With more than 50,000 objects in its collection, society staff and volunteers have documented just 20 percent of those items, ranging from historic documents to photographs to artifacts like a snare drum used by Civil War drummer-boy George Smart of Andover, who was killed in action and whose family donated the drum to the society for safekeeping.
Clements said among the society’s goals is to install a handicapped-accessible entry and hire a full-time, professional curator.
Yesterday, following a video about the society’s work over the years, incoming president Jane Cairns announced the creation of the Legacy Circle, a fund-raising arm of the society that is seeking donors to be stewards for $1,000 a year, historians for $5,000 a year or founders for an annual $10,000 contribution, all over a five-year commitment. Other lesser contributions were welcomed as well.
The money raised at yesterday’s event and going forward will be directed at sustaining the society’s annual $230,000 budget.
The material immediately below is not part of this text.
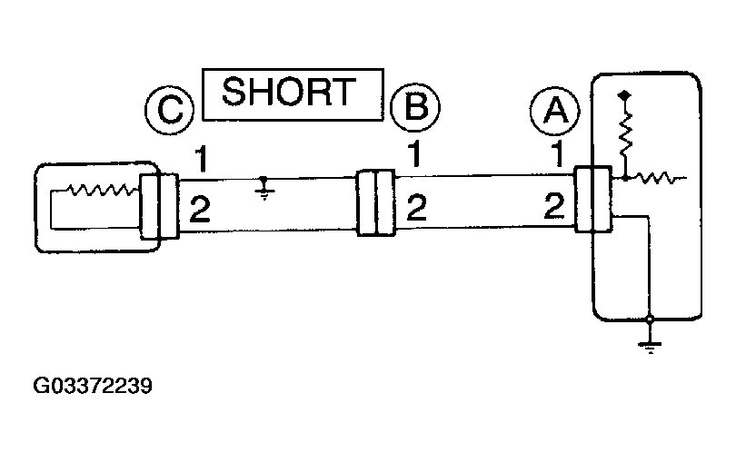 Therefore, it is found out that there is a short circuit between terminal 1 of connector "A" and terminal 1 of connector "C".

Cairns told the Townsman that as the Society just celebrated its 100th anniversary, it is looking to modernize its approach to historic preservation and outreach in the community.
The organization has a five-year strategic plan with a relatively new set of hopes and dreams, she said.
“Our mission is to collect stories, not just things,” Cairns said.
According to the mission statement, the society “tells the unique stories of Andover to foster a strong community that knows its history, values what it inherits and takes pride in what it passes on to future generations.”